Yeah, that values alignment, that vision alignment, and somebody who actually brings something to the table more than capital is incredibly important, and being able to do it on your own terms, because you bootstrap, so that's great. Yeah, awesome. I know that will bring Danny into into the conversation here and get some questions from him and the audience. like to thank you so much for that. And we've had already a dozen questions. So a ton of ton of folks reaching out with with ideas. If you want to participate, please feel free to go into the slideshow app, our wonderful new york based writer, Anthony Ha is curating those questions for me, send them along. But there's a couple of major categories. So when I started with bootstrapping, that there were a bunch of questions about product led growth. But but on the bootstrapping question, I mean, I hope you're in sort of the one of these unique contexts where, you know, I think for a lot of folks people think of bootstrap is well, you can't raise venture capital. So therefore, I bootstrap, because that was the only alternative to continue building a company. And you're the sort of where hybrid where you sort of did both, you raised this pre seed, use it to sort of get the company underway, and then you just held out for a number of years and didn't raise. And I think the question is, is like, you know, how did you first get that, you know, round done? You talked about a little bit of the story of Atlanta, but how did you decide to raise a pre seed and then decide not to continue raising funding after that?
Yeah, so I never really enjoyed the process of raising money.
I wonder why.
I never enjoyed the process of raising money. And so even. So once I raised a seed round, I was really determined to make sure that was the last round that I ever raised. I told myself that. And so what it meant was I became hyper focused on our customers and really listening to them. And it just really allowed us to make very efficient decisions, right, which ended up being the mean that in a very short amount of sorry, one other thing to mention is because we were because I didn't want to raise ever again after that round, it also, it also kind of forced the conversation around, what's the business model here? How soon do you generate revenue. And through a combination of those things, we ended up generating revenue much faster than even I projected, we became much profit, we became profitable, much faster than I than I ever anticipated. And so because of all those things, we really just didn't really need to raise, listen to a lot of people over the years to to make sure that I was not thinking that I was missing out. But there was no, there was no real reason to and I'm the kind of person I'd love to go solve a problem that exists not not a fictional one, or were perceived one, or just, you know, or just reacting to FOMO, if you will.
But that was Jared Thomas's question, and then I want to talk about something about Elizabeth Cruz in the audience brought up which is you've talked about efficiency a lot. And and, you know, obviously, everyone loves efficiency, you know, not spending money that is wasted, and just increasing your cap without changing your LTV. But there is always a trade off at some point around efficiency versus speed.
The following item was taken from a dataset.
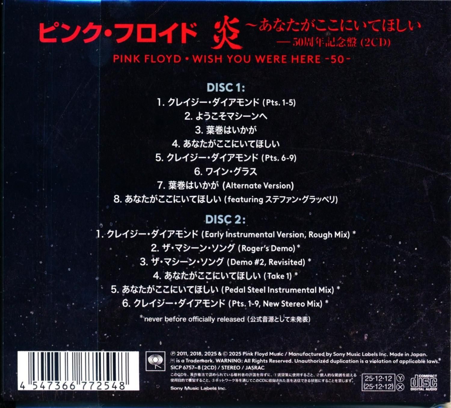ピンク・フロイドの名盤中の名盤、1975年発表『炎〜あなたがここにいてほしい』50周年記念盤が遂に発売!全世界トータル・アルバム・セールス2000万枚以上、英米初登場1位、日本でもオリコン8位を記録し大ヒットした、日本では『狂気』に次いで人気のある作品。2CDにはオリジナル盤(5曲)とともに、ボーナストラックとして、スタジオ・レアリティーズ9曲収録(うち6曲は完全未発表。4曲は新たにジェームス・ガスリーがニュー・リミックス)。

And particularly for a company like calendly, where there is a legitimate network effect, as people are invited onto the platform, they use calendly, they spread it to their friends, there's a real opportunity to become the calendar hub for the entire world for scheduling and appointments and whatnot. When did you, you know, have you ever sort of questioned all the way through like saying, God, you know, we're super efficient? Why not just raise that extra marginal dollar? Because we're actually spending it really well. Unlike all of our competitors on like every other category in venture, we can actually use the money.
Yeah. So we've never we didn't think about that. We've never decided not to raise money just because we wanted to avoid doing that. The thing, the reasons we did raise monies we didn't necessarily Keep in mind, the business has been profitable for a long time. Right. And so for us, we've always had capital to deploy, but we just didn't really find we didn't always have, you know, specific initiatives or investments that we make with incremental capital. And that's really what we've been raising it there's no, there was no clear way to at the time, right. There's no clear way to accelerate the growth through investments. And so that's really what got the decision, not just a, not just a, you know, refusal to raise capital at all costs. I mean, looking, knowing what I know now, like, if I look back to some of the investments, we didn't make it 50 years ago, I'm sure there are probably some we could have accelerated. But those weren't necessarily because of a lack of capital, I would say it's probably lack of awareness, or maybe there's opportunities weren't validated in all those. So those are the biggest reasons why.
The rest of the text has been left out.